Finally I found some time to try (and modify as always) a new recipe: Quinoa Fritters with homemade Aioli – gluten free, dairy free and (if you like) vegan.
Here’s what you need for the fritters:
– coconut oil
– 1 cup of cooked quinoa
– 2 potatoes, cooked and grated
– 3 medium eggs (for a vegan version simply use more potatoes and add a little olive oil)
– 1 medium carrot, grated
– 1 small onion, finely chopped
– 1 Tbsp. chives, chopped
– 1/4 cup of almond meal
– Salt and pepper, to taste
And these are the ingredients for aioli:
– 1/2 cups blanched almonds or cashews, soaked for a minimum 4 hours
– 1-2 cloves garlic, minced
– 1 Tbsp. mustard
– 2 Tbsp. lemon juice
– 2 Tbsp. olive oil
– 1/4 — 1/2 cup water, as needed
– 1/4 tsp. sea salt
Mix all the fritter ingredients in a bowl. Put the coconut oil in a fry pan on moderate heat.

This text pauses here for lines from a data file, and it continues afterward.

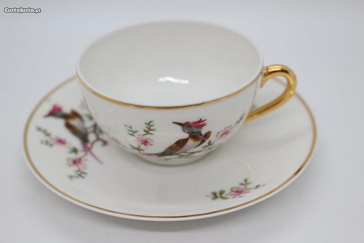 Chávena Café com pires Vista Alegre Pássaro Elementos a Ouro 1947
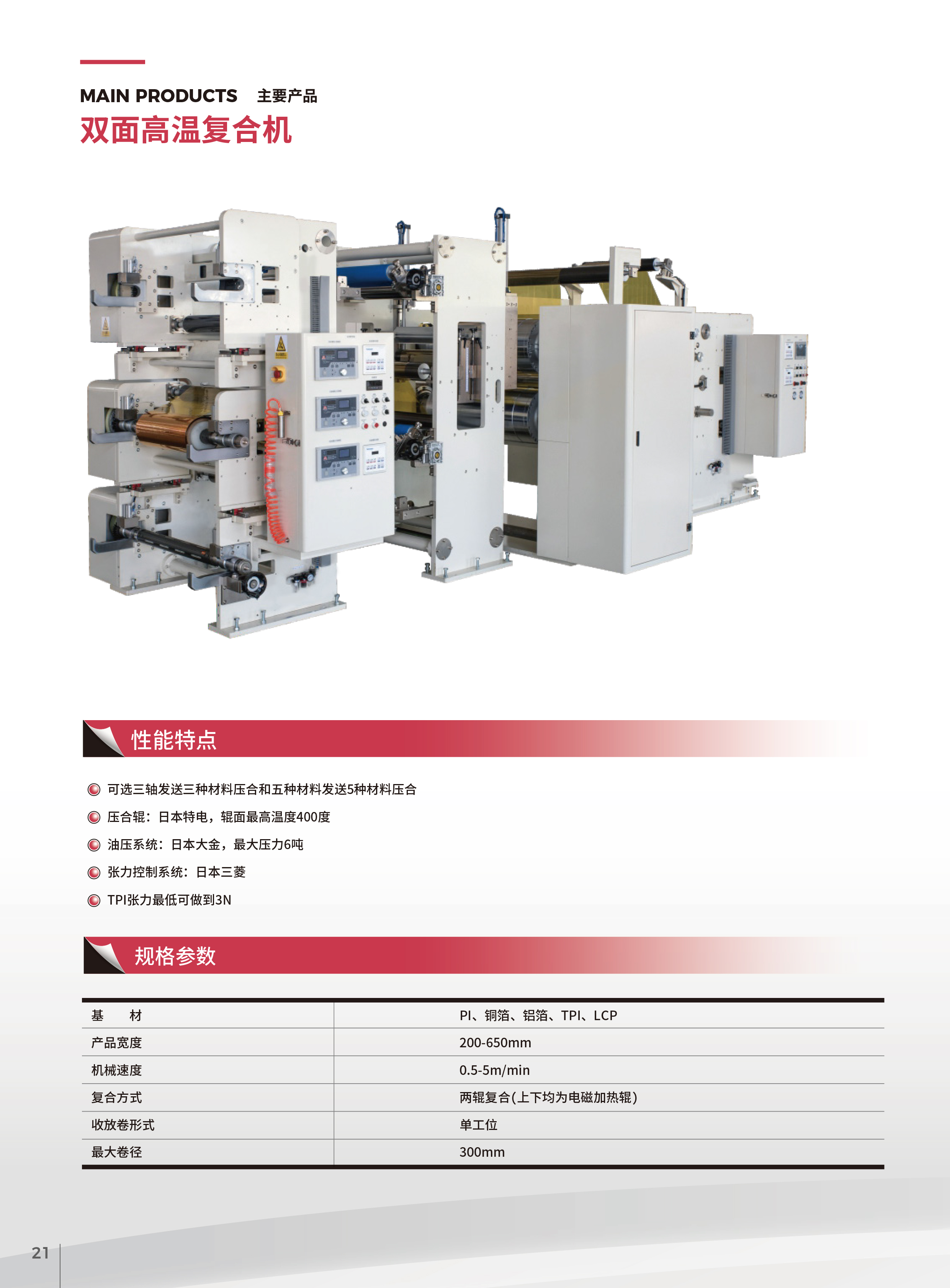 壓合輥:日本特電,輥面最高溫度400度
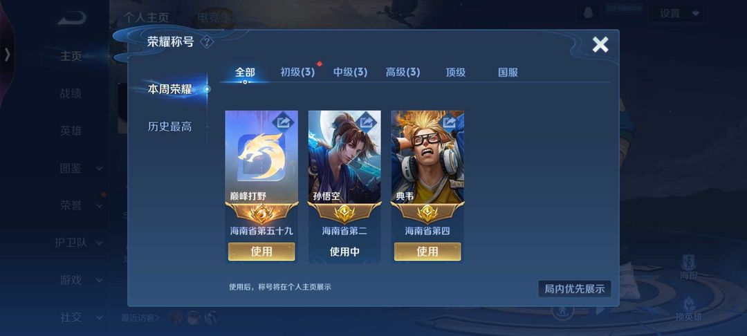 游戏区服:王者荣耀-QQ安卓-QQ账号 -手Q268区-先知奇谋
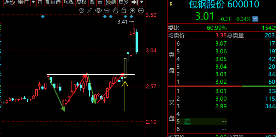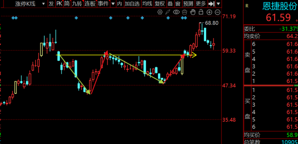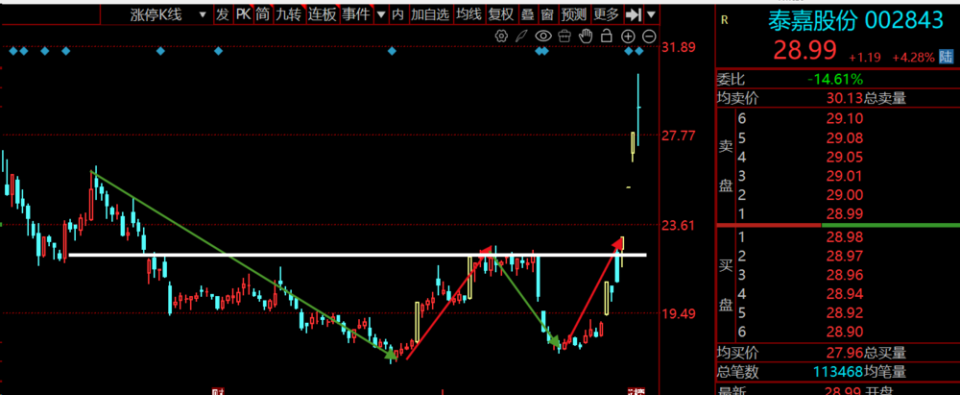 若以形态1的方式突破,那么突破颈线时为第一买点,但这时候买风险比较大,要准备好随时离场;而当股价突破颈线回抽,试探颈线支撑有效,此时的点位为第二买点,这种做法更为稳健,但获利机会相对较小。若以形态2的方式突破,则突破颈线时为买点。
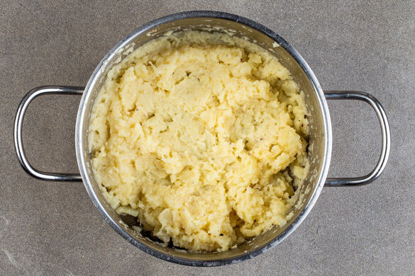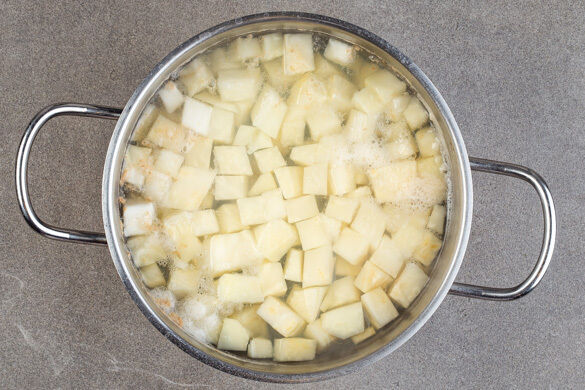 In einem Wasserkocher 1,7L Wasser aufkochen. Den Sellerie vierteln, mit einem Messer schälen und in 1–2cm große Stücke schneiden. In einem großen Topf mit dem kochenden Wasser bedecken und ½TL Salz hinzugeben. Tipp: Ggf. mehr Wasser nachkochen, der Sellerie sollte vollständig bedeckt sein. Das Wasser erneut zum Kochen bringen und den Sellerie abgedeckt in ca. 15Min. weich kochen.
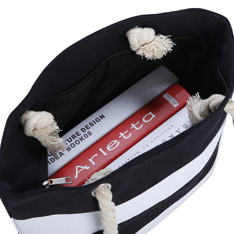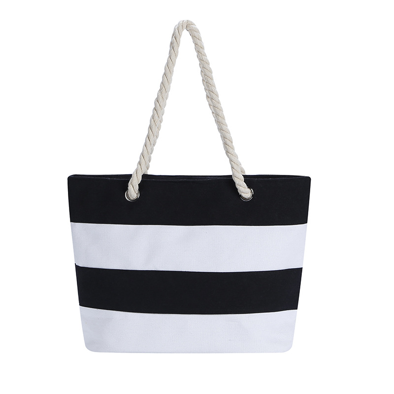 Home tote bag convenient environmental protection beautiful large capacity striped shopping bag can be processed custom canvas bag wholesale
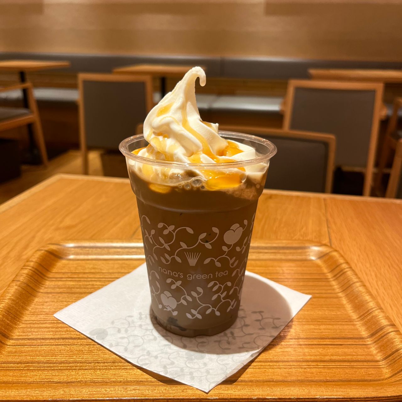 「ほうじ茶ラテ」&「ソフトクリーム」&「キャラメルソース」
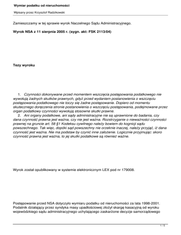 Wymiar podatku od nieruchomości Wpisany przez Krzysztof Radzikowski Zamieszczamy w tej sprawie wyrok Naczelnego Sądu Administracyjnego. Wyrok NSA z 11 sierpnia 2005 r. (sygn. akt: FSK 2113/04) Tezy wyroku 1. Czynności dokonywane przed momentem wszczęcia postępowania podatkowego nie wywołują żadnych skutków prawnych, gdyż przed wydaniem postanowienia o wszczęciu postępowania podatkowego nie toczy się żadne postępowanie. Dopiero od momentu skutecznego doręczenia stronie postanowienia o wszczęciu postępowania, podejmowane przez organ podatkowy czynności wywołują stosowne skutki prawne. 2. Ani organy podatkowe, ani sądy administracyjne nie są uprawnione do badania, czy dana czynność prawna jest ważna, czy nie jest ważna. Rozstrzyganie o nieważności czynności prawnej na gruncie art. 58 §1 Kodeksu cywilnego należy bowiem do kognicji sądu powszechnego. Tak więc, dopóki sąd powszechny nie orzeknie inaczej, należy przyjąć, iż dana czynność jest ważna. Nie ma podstaw by czynić inne założenie. Logicznie przyjmując: skoro czynność prawna jest ważna, to jej skutki podatkowe są również ważne. Wyrok został opublikowany w systemie elektronicznym LEX pod nr 179008. Postępowanie przed NSA dotyczyło wymiaru podatku od nieruchomości za lata 1998-2001. Podatnik działający przez syndyka masy upadłościowej złożył skargę kasacyjną od wyroku wojewódzkiego sądu administracyjnego uchylającego zaskarżone decyzje samorządowego 1/5 Wymiar podatku od nieruchomości Wpisany przez Krzysztof Radzikowski kolegium odwoławczego oraz poprzedzające je decyzje organu pierwszej instancji. I. Przedmiotem sporu było istnienie obowiązku podatkowego w podatku od nieruchomości ciążącego na podatniku. W stanie faktycznym sprawy podatnik zawarł „umowę najmu" nieruchomości (ziemi wraz z budynkami) z osobą fizyczną, która prowadziła na tej nieruchomości działalność gospodarczą w zakresie podnajmu pomieszczeń innym podmiotom. W okresie objętym postępowaniem syndyk masy upadłościowej deklarował i wpłacał podatek od nieruchomości według stawek właściwych dla nieruchomości niezwiązanych z prowadzeniem działalności gospodarczej. Zdaniem organów podatkowych zgodnie z art. 2 ust. 1 pkt 1 i 2 ustawy z dnia 12 stycznia 1991 r. o podatkach i opłatach lokalnych (Dz. U. z nr 9, poz. 31 ze zm.; dalej: ustawa o podatkach i opłatach lokalnych) obowiązek podatkowy w podatku od nieruchomości ciążył na właścicielu budynków i budowli oraz użytkowniku wieczystym gruntu, wchodzących w skład masy upadłościowej podatnika. Obowiązek podatkowy nie wiąże się z prowadzeniem przez podatnika działalności gospodarczej na nieruchomości - okoliczność ta ma jednak wpływ na zwiększenie obciążenia podatkowego poprzez zastosowanie wyższej stawki podatkowej, niezależnie kto prowadzi przedmiotową działalność gospodarczą: podatnik czy dzierżawca. Zdaniem samorządowego kolegium odwoławczego, organ pierwszej instancji prawidłowo ustalił osobę podatnika. Dopiero po ustaleniu istnienia obowiązku podatkowego, wysokości zaległości podatkowej oraz odsetek za zwłokę możliwe jest wszczęcie postępowania w sprawie odpowiedzialności osoby trzeciej (tu: dzierżawcy) na podstawie art. 108 §§ 1 i 2 w związku z art. 114 ustawy z dnia 29 sierpnia 1997 r. - Ordynacja podatkowa (t. j. Dz. U. z 2005 r., nr 8, poz. 60 ze zm.; dalej: Ordynacja podatkowa). 2/5 Wymiar podatku od nieruchomości Wpisany przez Krzysztof Radzikowski W skardze do wojewódzkiego sądu administracyjnego podatnik zarzucił organom podatkowym rażące naruszenie przepisów prawa poprzez niewydanie przez organ pierwszej instancji postanowienia o wszczęciu postępowania wymiarowego i wobec tego skierowania decyzji z naruszeniem art. 247 §1 pkt 5 Ordynacji podatkowej do niewłaściwej osoby. Skarżący twierdził także, że podatnikiem w przedmiotowej sprawie jest dzierżawca nieruchomości władający nią na podstawie „umowy najmu". Wojewódzki sąd administracyjny uznał skargę za zasadną z powodu naruszenia przez organ pierwszej instancji art. 165 §2 Ordynacji podatkowej, nie wydając postanowienia o wszczęciu postępowania. Podatnik złożył skargę kasacyjną od wyroku wojewódzkiego sądu administracyjnego zarzucając mu naruszenie art. 145 §1 pkt 1 lit. a) i c) ustawy z 30 sierpnia 2002 r. - Prawo o postępowaniu przed sądami administracyjnymi (Dz. U. nr 153, poz. 1270 ze zm.; dalej: Prawo o postępowaniu przed sądami administracyjnymi) w związku z art. 2 ust. 1 ustawy o podatkach i opłatach lokalnych w związku z art. 120, art. 121 §§ 1 i 2, art. 122, art. 187 §1 i art. 210 § 1 pkt 6 oraz §4 Ordynacji podatkowej poprzez uchylenie zaskarżonej decyzji jedynie z powodu braku postanowienia o wszczęciu postępowania przez organ pierwszej instancji, podczas gdy naruszono też przepisy prawa materialnego uznając syndyka masy upadłościowej za podatnika podatku od nieruchomości (zdaniem skarżącego podatnikiem był dzierżawca nieruchomości) oraz naruszenie art. 141 §4 Prawa o postępowaniu przed sądami administracyjnymi poprzez brak odniesienia się do wszystkich zarzutów podniesionych w skardze. Skarżący podniósł, że zawarta w zwykłej formie pisemnej „umowa najmu" była w swojej istocie umową dzierżawy. Nazwanie jej „umową najmu" wskazuje, że strony działały z zamiarem obejścia art. 114 Rozporządzenia Prezydenta RP z 24 października 1934 r. - Prawo upadłościowe (t. j. Dz. U. z 1991 r., nr 118, poz. 512 ze zm.; dalej: Prawo upadłościowe). Zgodnie z tym przepisem dla prowadzenia przedsiębiorstwa upadłego dłużej niż w ciągu trzech miesięcy od daty ogłoszenia upadłości, a także zawarcia umowy dzierżawy przedsiębiorstwa wchodzącego w skład masy upadłości albo nieruchomości przeznaczonej do jego prowadzenia, syndyk powinien uzyskać zezwolenie sądu. W przedmiotowej sprawie zgoda taka nie została 
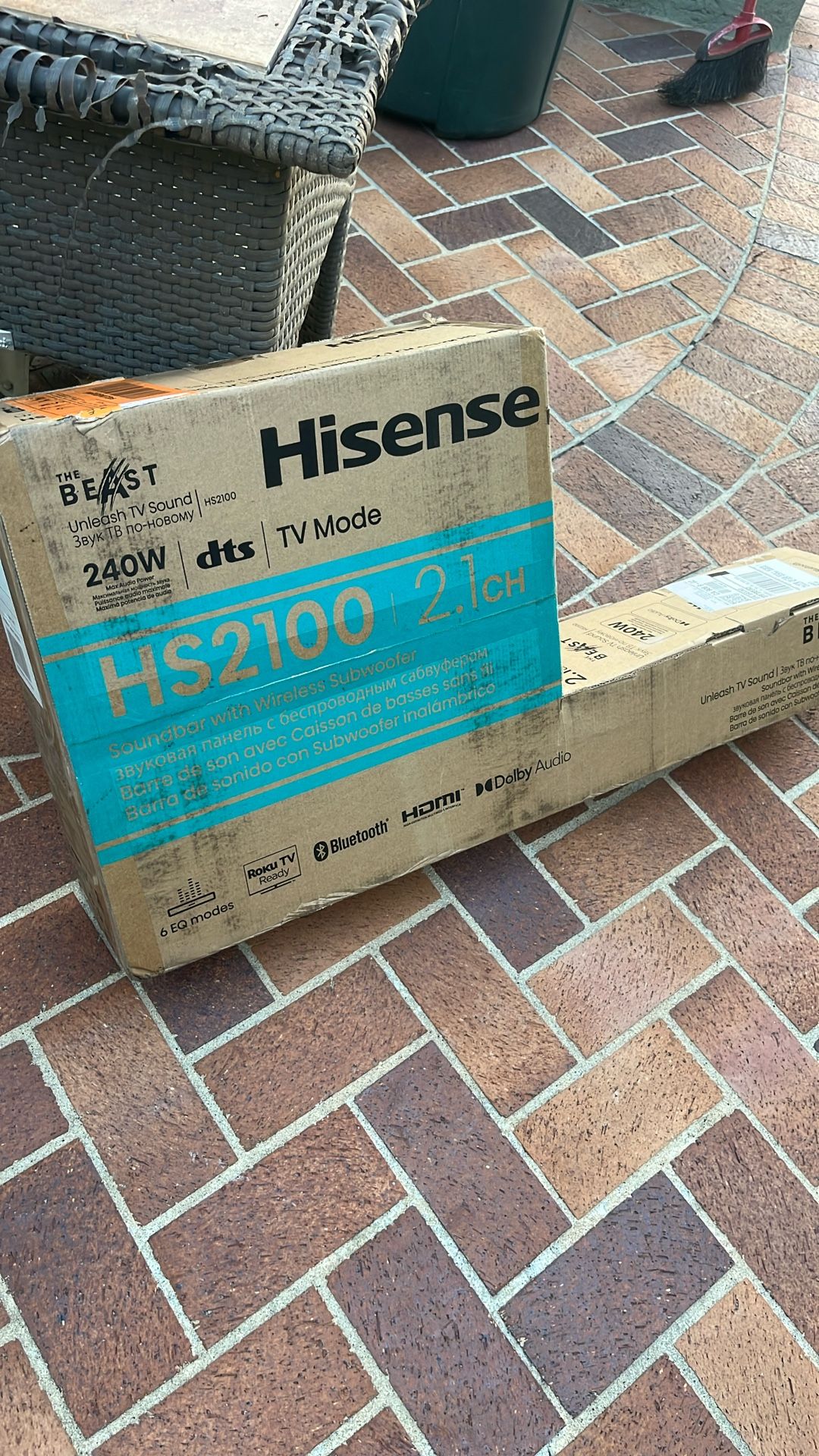 Hisense HS2100 240 watt sound bar. With bluetooth subwoofer- Dolby -The Beast. 6 sound modes to get the type of sound you want. Remote control included. Box never opened- new -
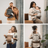 - 4 Tragepositionen ermöglichen eine individuelle Anpassung während allen Wachstumsphasen: Mit Sitzerhöhung für Neugeborene, rückwärtsgerichtet, vorwärtsgerichtet oder auf dem Rücken getragen
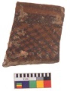 | Description / विवरण | Specimen of black on red ware with decorative geometric Net Pattern painting. |
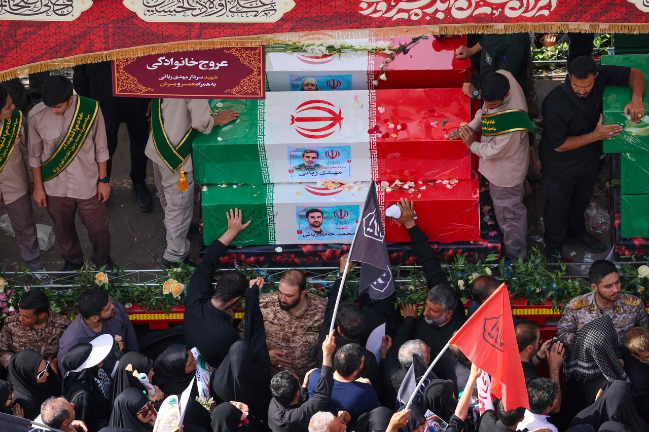 호세인 살라미 이슬람혁명수비대(IRGC) 총사령관, 모하마드 바게리 이란군 참모총장 등 희생된 군 지휘관과 핵 과학자들의 관은 테헤란 혁명 광장에서 열린 장례식 후 아자디 광장으로 향했다.

Scoop out the fritter mixture, place it in the pan and flatten it a little. Cook on each side for few minutes until they are golden. Add more coconut oil if necessary.
For the aioli, add all the ingredients (except the water) in blender and mix until well combined. Then slowly add the water and blend until it has a nice and creamy consistency.
When cooking the Quino (or anything else) don’t go away from the stove (as I did), otherwise you might have to start all over again and perhaps also buy a new pan…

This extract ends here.